- Born: 9 August 1966 Jalisco, Mexico
- Died: 19 June 2015 (aged 48) Guadalajara, Jalisco
- Occupation: Politician
- Political party: PRI
- Spouse: Isabela Valencia
- Children: Javier Galván Valencia, Diana Galván Valencia, Valentina Galván Valencia

= Javier Galván =

Mexican politician (1966–2015)

Javier Alejandro Galván Guerrero (9 August 1966 – 19 June 2015) was a Mexican politician affiliated with the Institutional Revolutionary Party (PRI).

In the 2003 mid-terms, he was elected to the Chamber of Deputies
to represent Jalisco's 18th district during the 59th session of Congress.

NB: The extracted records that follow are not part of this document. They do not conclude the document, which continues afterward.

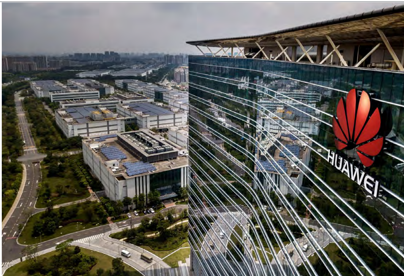
Huawei's main building in the company's production campus, near Shenzhen, China
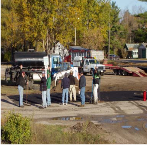
The road crew at Roscommon

(Oldfield is only 5 years older than me) thirty two albums and four concerts I have the pleasure of attending, later Oldfield does things to my mind that nothing or no one else ever has and maybe ever will. We arrive at Roscommon at 09:30 to a lot of happy people, just see the picture below. Where's next? Well it's St Helens, not the famous rugby league club but it might as well be.
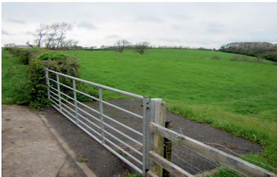
Plate 3: Looking north-east towards Model Farm from the south-western corner of the study site. This photo shows the gently undulating topography of the study site.
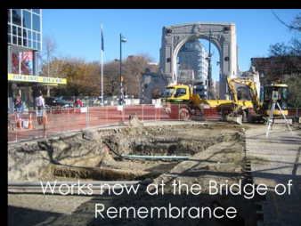
works now at the Bridge of Remembrance
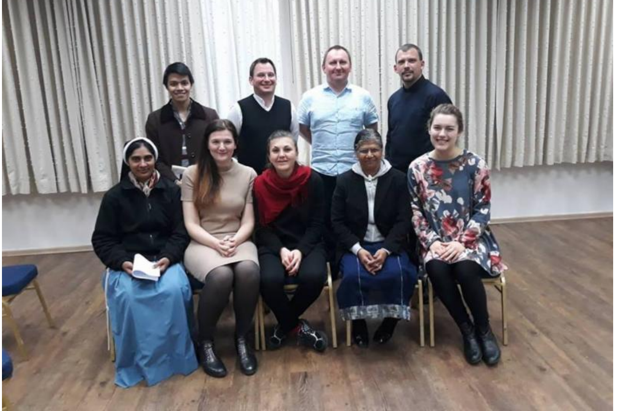
Pictured above is our Cohort X in Israel.
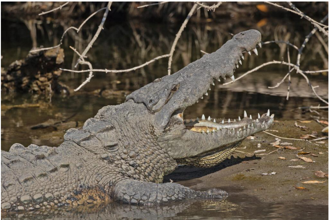
American Crocodile
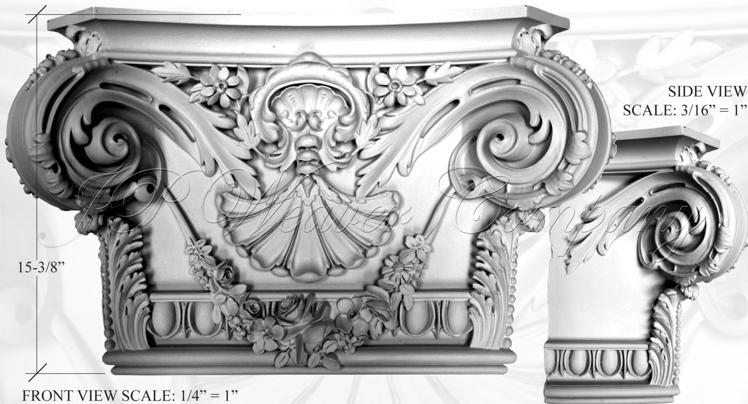
SIDE VIEW SCALE: 3/16" = 1"
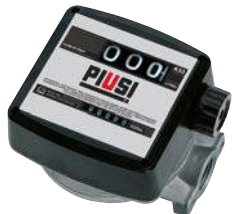
MECHANICAL METER - K33
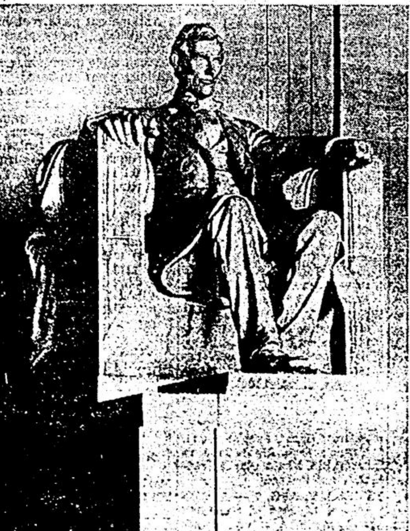
Washington—Famous Lincoln shrine attracts millions.
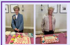
Caring for Each Other
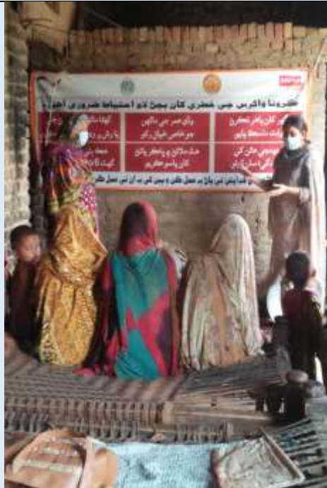
Under HelpAge Project COVID-19 session at District Shikarpur
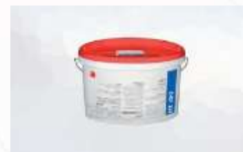
FIX10-S Instant sealant
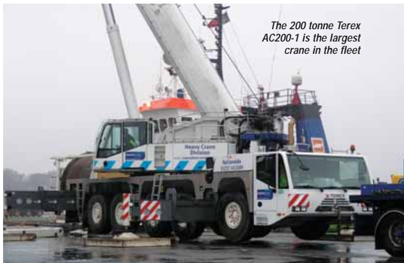
The 200 tonne Terex AC200-1 is the largest crane in the fleet

Rushlift is in the final stage of bidding for a major supply contract which would add about 30 percent
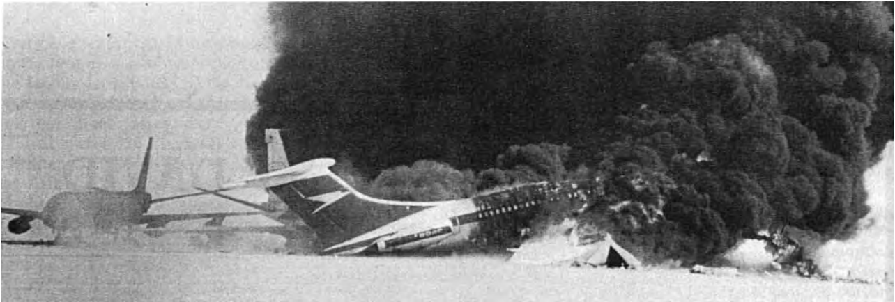
Dawson's Field, Jordan in September 1970.

21 Study the photograph, and then answer the questions which follow.
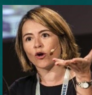
Catarina Albuquerque UN' Sanitation and Water for All

He also served two terms in the Congress of Jalisco, as the president of the PRI in Jalisco, and as the municipal president of Autlán de Navarro, Jalisco. At the time of his death, he was the state delegate of the Institute for Social Security and Services for State Workers (ISSSTE).

He was shot dead in his vehicle in Guadalajara, Jalisco, on 19 June 2015. He was the 103rd public servant murdered during the administration of Governor Aristóteles Sandoval.

==Family==
Galván Guerrero was the grandson of Gen. Marcelino García Barragán and the nephew of Javier García Paniagua.